(Your instructions): After finding "Các họa sĩ sẽ" in a line below, print that line and the rest of the lines exactly, leaving out all pictures.

*** Data block Section Begins ***

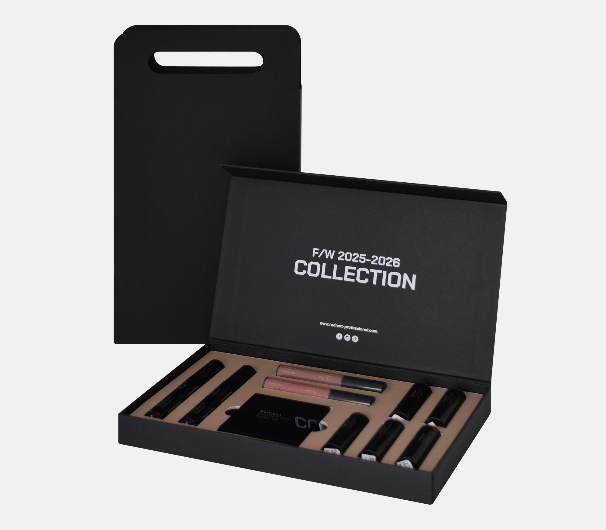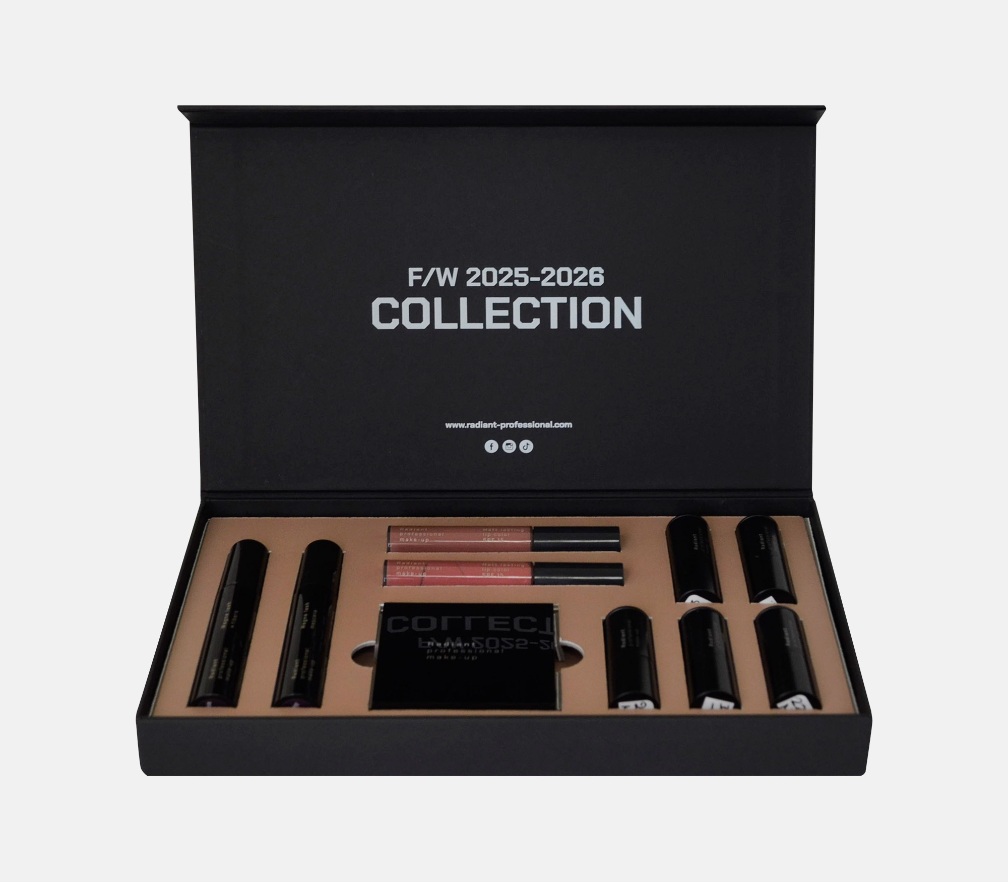 Press Kit RADIANT F/W 2025-2026 RADIANT F/W 2025-2026 RADIANT F/W 2025-2026 RADIANT F/W 2025-2026 RADIANT F/W 2025-2026 Κουτί με ταμπλό επενδυμένο με Sirio Black, κλείσιμο μαγνήτη και εσωτερική βάση στήριξης με custom εγκοπές. ΠΕΡΙΣΣΟΤΕΡΑ Printing 1 Pantone λευκή θερμοτυπία Industrial Design La Petite Jumelle Client hellenica FBLIPIMail FBLIPIMail ΠΙΣΩ
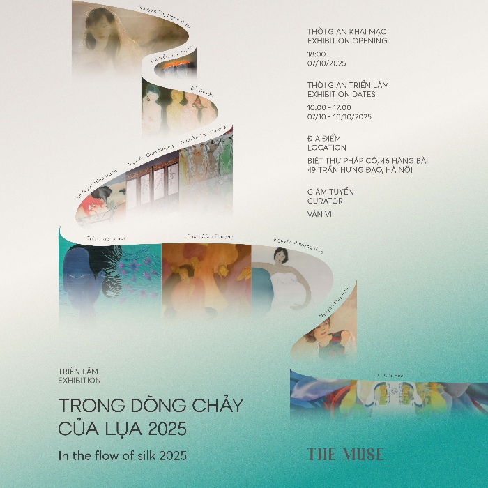 Các họa sĩ sẽ xuất hiện trong triển lãm “Trong dòng chảy của lụa 2025” bao gồm Nguyễn Văn Trinh, Phan Cẩm Thượng, Trần Hoàng Sơn, Nguyễn Thị Ngọc Diệp, Đỗ Thị Duyên, Lê Ngọc Hiếu Hạnh, Nguyễn Duy Anh, Nguyễn Cẩm Nhung, Nguyễn Phương Hoa, Nguyễn Thu Hương, Lưu Chí Hiếu.
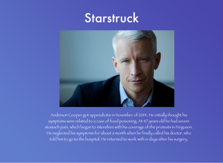 Anderson Cooper got appendicitis in November of 2014. He initially thought his symptoms were related to a case of food poisoning. At 47 years old he had severe stomach pain, which began to interefere with his coverage of the protests in Ferguson. He neglected his symptoms for about a month when he finally called his doctor, who told him to go to the hospital. He returned to work with in days after his surgery.

*** Data block Section Ends ***

(Answer area):
 Các họa sĩ sẽ xuất hiện trong triển lãm “Trong dòng chảy của lụa 2025” bao gồm Nguyễn Văn Trinh, Phan Cẩm Thượng, Trần Hoàng Sơn, Nguyễn Thị Ngọc Diệp, Đỗ Thị Duyên, Lê Ngọc Hiếu Hạnh, Nguyễn Duy Anh, Nguyễn Cẩm Nhung, Nguyễn Phương Hoa, Nguyễn Thu Hương, Lưu Chí Hiếu.
 Anderson Cooper got appendicitis in November of 2014. He initially thought his symptoms were related to a case of food poisoning. At 47 years old he had severe stomach pain, which began to interefere with his coverage of the protests in Ferguson. He neglected his symptoms for about a month when he finally called his doctor, who told him to go to the hospital. He returned to work with in days after his surgery.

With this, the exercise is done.